The Chicago Daily Defender interviewed Otto Ebar, the man responsible for answering the phones at the Cook County Morgue on April 1st, the day when numerous calls are received for Mr. Stiff, Mr. K. Dever, Mr. Casket, Mr. Graves, Mr. Rigor, or Mr. Mortis. Ebar said, "he has to brace himself for when business executives and general office girls discover they have been tricked by some of their associates, some let their venom out on him. 'But the vast majority are terribly nice about it.'"

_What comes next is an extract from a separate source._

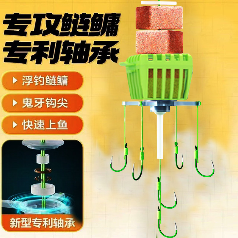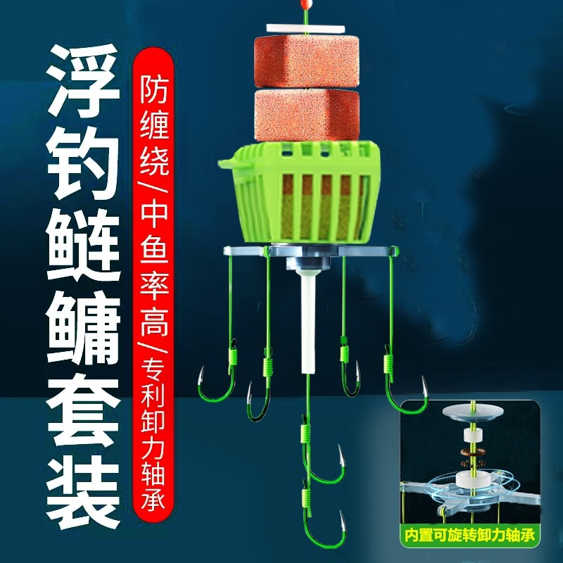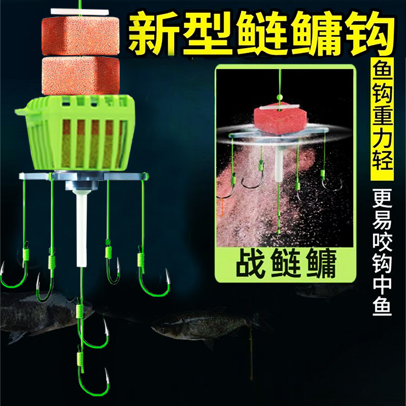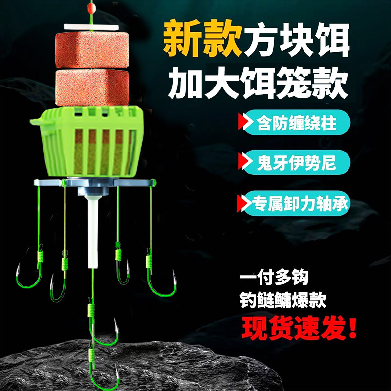 战鲢鳙方块钩旋转浮钓鲢鳙钓组饵笼翻板钩鱼钩方块线神器饵料新型

Ebar said the calls average about four or five a minute and that the men are more likely to berate him than the women who readily admit their embarrassment and refuse to give their name.
One important lawyer called, Ebar disclosed, and asked if he could speak to 'Mr. Stiff.' His secretary had left the message for him, he added.
When Ebar finally got around to telling him it was the County Morgue number his secretary had given him, but that for him to call any time he liked, the lawyer replied:
'Don't worry, you'll be hearing from me real soon because my secretary will be visiting you. Her name will be Mrs. Stiff.'
[The Chicago Defender, Apr 2, 1959.]
Amos McKeand of Oakland, California was about to go home when he discovered that someone had replaced the front wheel of his motorcycle with a wheel from a baby carriage. Suspecting it was his colleague, R.W. Moore, he decided to retaliate by removing the generator from Moore's machine. While doing this, he was arrested by a patrolman and taken to jail. He appeared the next morning in police court and announced that he was off practical jokes forever. [Oakland Tribune, Apr 2, 1920.]
In what appeared to be an April Fool's prank gone badly wrong, Harry Zahrichs of Lackawanna, New York had to be rushed to the hospital after his fellow workmen injected compressed air into his body, tearing and dislodging some of his internal organs. [Trenton Evening Times, Apr 2, 1915.]

[Edwardsville Intelligencer, Apr 1, 1915.]
"All Fools' Day was not unremembered yesterday, although the practical jokes incidental to it are not as much relished or looked forward to in America as in England and France.

Street hawkers did a lively trade downtown in so-called April Fool cigars, which were offered at 5 cents each and were said to be explosive. Some of the Custom House clerks laid in a stock of them, which they presented to brokers. To the amazement and disgust of the buyers, who expected the cigars to go off like firecrackers when they were well started, they smoked quite as comfortably to the end as was to be expected of cigars at that price, fooling the foolers completely.

Chocolate stuffed with cotton was generously distributed at the Stock Exchange, and provision men at the Produce Exchange set burning matches in dough on each other's hats and indulted in other pranks which amused them.